◆ Task statement
Restate the data exactly as given and keep the pictures out.

◆ Data excerpt
——————
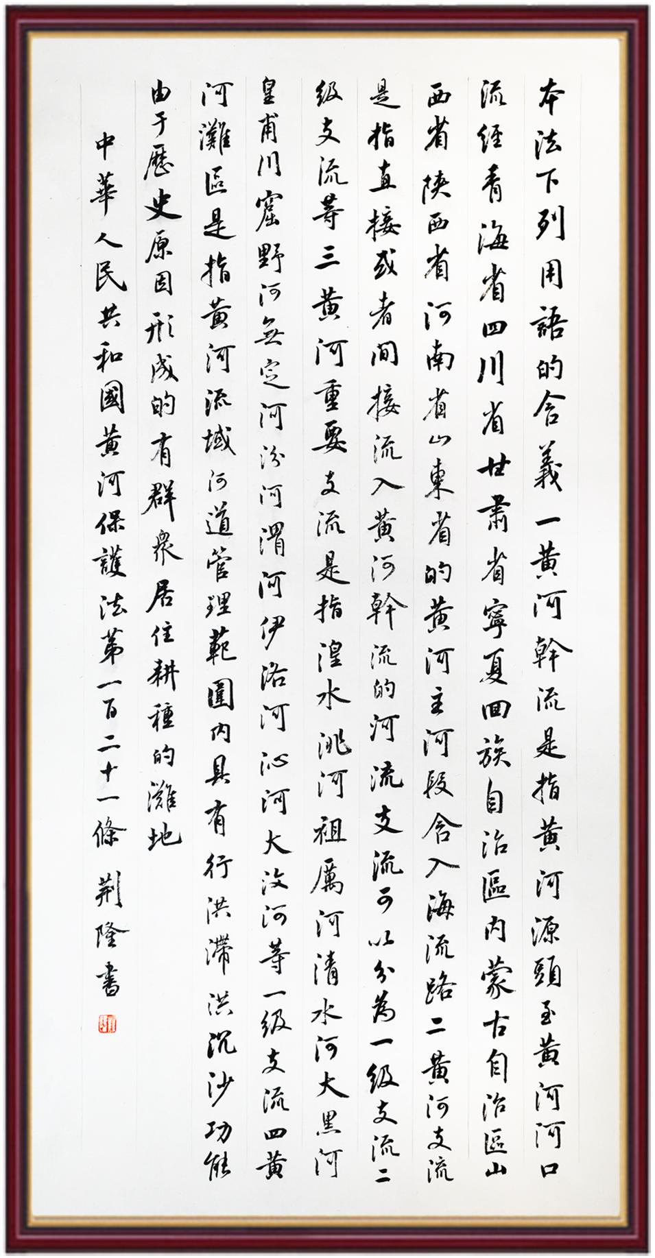 黃河寧,天下平。黃河是中華民族的發(fā)源地和搖籃,保護(hù)黃河是事關(guān)中華民族偉大復(fù)興的千秋大計(jì)。《中華人民共和國(guó)黃河保護(hù)法》為推進(jìn)水資源節(jié)約集約利用、保護(hù)傳承弘揚(yáng)黃河文化、推動(dòng)黃河流域生態(tài)保護(hù)和高質(zhì)量發(fā)展提供了有力法治保障。繼書(shū)寫(xiě)《中華人民共和國(guó)民法典》《中華人民共和國(guó)憲法》《中華人民共和國(guó)澳門(mén)特別行政區(qū)基本法》《中華人民共和國(guó)香港特別行政區(qū)基本法》《中華人民共和國(guó)國(guó)旗法》《中華人民共和國(guó)國(guó)徽法》《中華人民共和國(guó)國(guó)歌法》《中華人民共和國(guó)法官法》等法律法規(guī)之后,法制日?qǐng)?bào)社聯(lián)合沿黃九?。▍^(qū))司法廳、書(shū)法家協(xié)會(huì),將筆端對(duì)準(zhǔn)《中華人民共和國(guó)黃河保護(hù)法》。
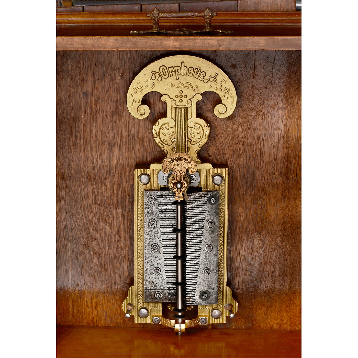 Musikwerke Orpheus Ludwig & Co., Leipzig. For 18 ? in. discs, 128 teeth in double steel comb (complete), treble notes with additional comb and narrow star wheels for a bell-like sound, visible spring motor, colorful underlid lithograph depicting Neptune, walnut case (split in lid), bronze handles, new crank, dampers in need of minor regulation, otherwise in good playing condition, with 5 discs.
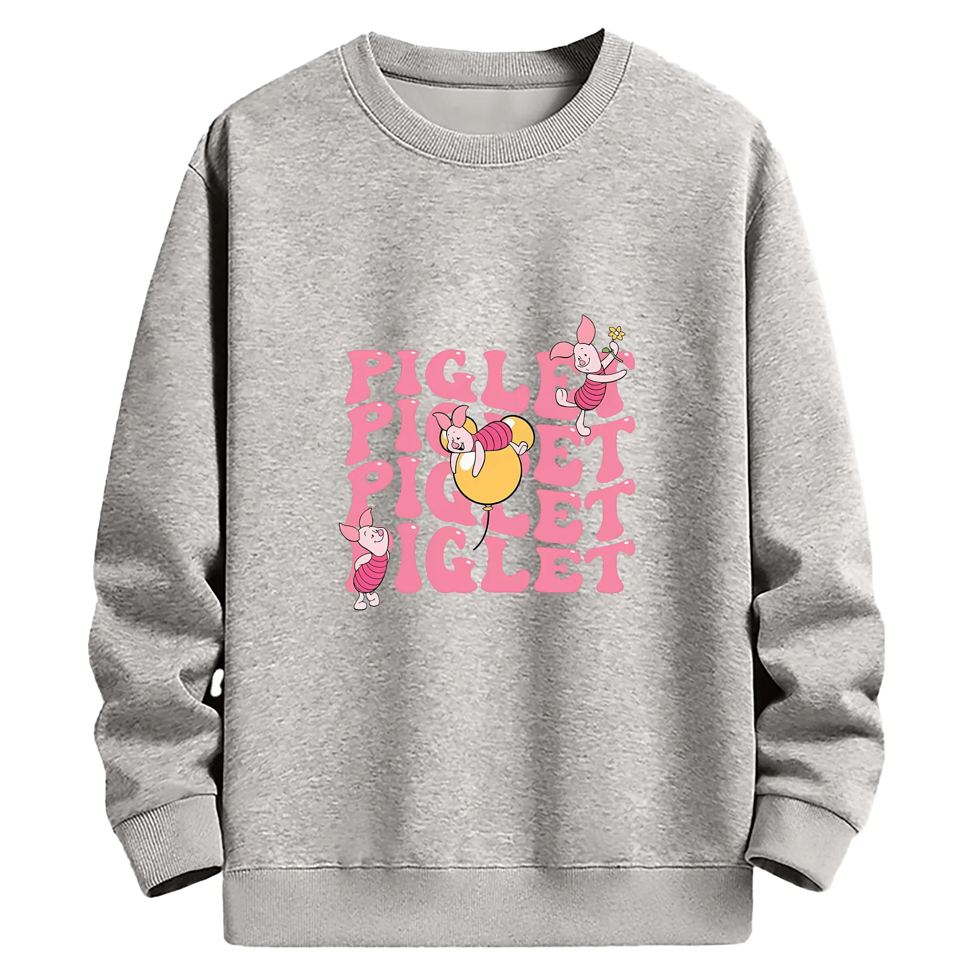 プーさん グッズ ピグレット - 薄手 クルーネック スウェット 裏毛260g · ポリエステル 春秋向け カジュアル 男女兼用 · トレーナー デイリー スポーツ 散歩に最適
——————
◆ Reply to the task
 黃河寧,天下平。黃河是中華民族的發(fā)源地和搖籃,保護(hù)黃河是事關(guān)中華民族偉大復(fù)興的千秋大計(jì)。《中華人民共和國(guó)黃河保護(hù)法》為推進(jìn)水資源節(jié)約集約利用、保護(hù)傳承弘揚(yáng)黃河文化、推動(dòng)黃河流域生態(tài)保護(hù)和高質(zhì)量發(fā)展提供了有力法治保障。繼書(shū)寫(xiě)《中華人民共和國(guó)民法典》《中華人民共和國(guó)憲法》《中華人民共和國(guó)澳門(mén)特別行政區(qū)基本法》《中華人民共和國(guó)香港特別行政區(qū)基本法》《中華人民共和國(guó)國(guó)旗法》《中華人民共和國(guó)國(guó)徽法》《中華人民共和國(guó)國(guó)歌法》《中華人民共和國(guó)法官法》等法律法規(guī)之后,法制日?qǐng)?bào)社聯(lián)合沿黃九?。▍^(qū))司法廳、書(shū)法家協(xié)會(huì),將筆端對(duì)準(zhǔn)《中華人民共和國(guó)黃河保護(hù)法》。
 Musikwerke Orpheus Ludwig & Co., Leipzig. For 18 ? in. discs, 128 teeth in double steel comb (complete), treble notes with additional comb and narrow star wheels for a bell-like sound, visible spring motor, colorful underlid lithograph depicting Neptune, walnut case (split in lid), bronze handles, new crank, dampers in need of minor regulation, otherwise in good playing condition, with 5 discs.
 プーさん グッズ ピグレット - 薄手 クルーネック スウェット 裏毛260g · ポリエステル 春秋向け カジュアル 男女兼用 · トレーナー デイリー スポーツ 散歩に最適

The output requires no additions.